HealthDay News — A two-dose regimen of the ChAdOx1 nCoV-19 vaccine does not seem to protect against the severe acute respiratory syndrome coronavirus 2 (SARS-CoV-2) B.1.351 variant, first identified in South Africa, according to a study published online March 16 in the New England Journal of Medicine.

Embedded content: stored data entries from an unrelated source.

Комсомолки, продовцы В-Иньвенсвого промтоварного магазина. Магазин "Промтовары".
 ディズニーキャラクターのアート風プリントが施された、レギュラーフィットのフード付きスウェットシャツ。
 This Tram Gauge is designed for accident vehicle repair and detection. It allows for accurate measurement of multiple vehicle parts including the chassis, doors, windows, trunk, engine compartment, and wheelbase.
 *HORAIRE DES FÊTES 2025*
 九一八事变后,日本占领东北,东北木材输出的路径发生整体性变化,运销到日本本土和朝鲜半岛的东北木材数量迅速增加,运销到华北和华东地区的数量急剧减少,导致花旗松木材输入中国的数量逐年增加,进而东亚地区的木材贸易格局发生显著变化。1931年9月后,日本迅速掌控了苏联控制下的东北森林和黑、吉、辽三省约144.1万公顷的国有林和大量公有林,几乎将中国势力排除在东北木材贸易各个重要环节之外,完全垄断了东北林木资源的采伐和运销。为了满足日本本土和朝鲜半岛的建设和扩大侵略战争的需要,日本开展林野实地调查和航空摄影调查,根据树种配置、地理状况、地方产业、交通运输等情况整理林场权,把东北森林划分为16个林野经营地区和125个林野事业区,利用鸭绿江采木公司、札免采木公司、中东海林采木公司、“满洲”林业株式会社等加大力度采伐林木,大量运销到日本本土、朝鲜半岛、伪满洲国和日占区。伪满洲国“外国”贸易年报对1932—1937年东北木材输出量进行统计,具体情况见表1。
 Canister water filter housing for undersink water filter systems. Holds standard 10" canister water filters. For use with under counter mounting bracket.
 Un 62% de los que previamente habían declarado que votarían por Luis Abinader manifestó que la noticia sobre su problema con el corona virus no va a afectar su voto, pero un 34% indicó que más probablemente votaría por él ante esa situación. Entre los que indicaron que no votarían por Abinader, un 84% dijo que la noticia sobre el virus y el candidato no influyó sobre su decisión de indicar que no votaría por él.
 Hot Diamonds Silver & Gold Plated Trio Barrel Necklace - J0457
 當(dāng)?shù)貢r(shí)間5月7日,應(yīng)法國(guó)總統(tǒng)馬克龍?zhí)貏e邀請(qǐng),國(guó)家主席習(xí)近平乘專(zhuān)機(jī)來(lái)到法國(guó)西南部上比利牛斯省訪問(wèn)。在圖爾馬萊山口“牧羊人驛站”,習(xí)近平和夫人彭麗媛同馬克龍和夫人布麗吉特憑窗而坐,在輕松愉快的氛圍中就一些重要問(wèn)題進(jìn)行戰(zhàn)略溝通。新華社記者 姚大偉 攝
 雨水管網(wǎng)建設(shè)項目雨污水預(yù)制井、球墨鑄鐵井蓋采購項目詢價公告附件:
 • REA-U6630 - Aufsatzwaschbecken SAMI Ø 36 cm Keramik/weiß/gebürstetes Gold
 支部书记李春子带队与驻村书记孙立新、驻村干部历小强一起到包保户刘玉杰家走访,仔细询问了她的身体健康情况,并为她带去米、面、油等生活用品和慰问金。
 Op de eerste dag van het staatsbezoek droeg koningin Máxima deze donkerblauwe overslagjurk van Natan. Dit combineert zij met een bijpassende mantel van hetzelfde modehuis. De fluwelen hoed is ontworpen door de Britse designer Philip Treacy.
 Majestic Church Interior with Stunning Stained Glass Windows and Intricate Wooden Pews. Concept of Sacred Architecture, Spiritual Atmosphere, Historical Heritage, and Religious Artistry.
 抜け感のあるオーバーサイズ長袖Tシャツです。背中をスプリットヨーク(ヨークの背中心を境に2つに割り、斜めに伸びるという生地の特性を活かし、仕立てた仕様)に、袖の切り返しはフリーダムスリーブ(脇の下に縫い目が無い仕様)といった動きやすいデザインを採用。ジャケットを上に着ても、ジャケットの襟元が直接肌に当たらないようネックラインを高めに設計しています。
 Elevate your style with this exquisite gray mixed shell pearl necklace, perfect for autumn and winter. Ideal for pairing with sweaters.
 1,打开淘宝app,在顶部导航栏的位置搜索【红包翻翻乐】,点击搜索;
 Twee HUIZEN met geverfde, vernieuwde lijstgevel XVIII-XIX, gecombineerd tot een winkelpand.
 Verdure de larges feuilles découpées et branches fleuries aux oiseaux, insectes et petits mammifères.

Shabir A. Madhi, Ph.D., from the University of the Witwatersrand in Johannesburg, South Africa, and colleagues enrolled 2,026 HIV-negative adults in a randomized trial to examine the safety and efficacy of the ChAdOx1 nCoV-19 vaccine in South Africa. Participants were randomly assigned to receive either two doses of vaccine or placebo 21 to 35 days apart (1,011 and 1,010 participants, respectively).
The researchers found that both the pseudovirus and live-virus neutralization assays showed greater resistance to the B.1.351 variant in serum samples obtained from vaccine versus placebo recipients. Mild-to-moderate COVID-19 developed in 3.2 and 2.5 percent of placebo and vaccine recipients, respectively, for an efficacy of 21.9 percent (95 percent confidence interval, −49.9 to 59.8 percent). Among the 42 cases with COVID-19, 92.9 percent were caused by the B.1.351 variant; vaccine efficacy was 10.4 percent (95 percent confidence interval, −76.8 to 54.8) against this variant.
“Deliberations on the utility of the ChAdOx1 nCoV-19 vaccine also need to be made in the context of ongoing global spread and community transmission of the B.1.351 variant and the evolution of other SARS-CoV-2 lineages that include similar mutations,” the authors write.
Several biopharmaceutical companies were involved in manufacturing and production of the ChAdOx1 nCoV-19 vaccine; production was funded by AstraZeneca. Several authors disclosed ties to the pharmaceutical industry, including AstraZeneca. Two authors have patents pending for SARS-CoV-2 vaccines.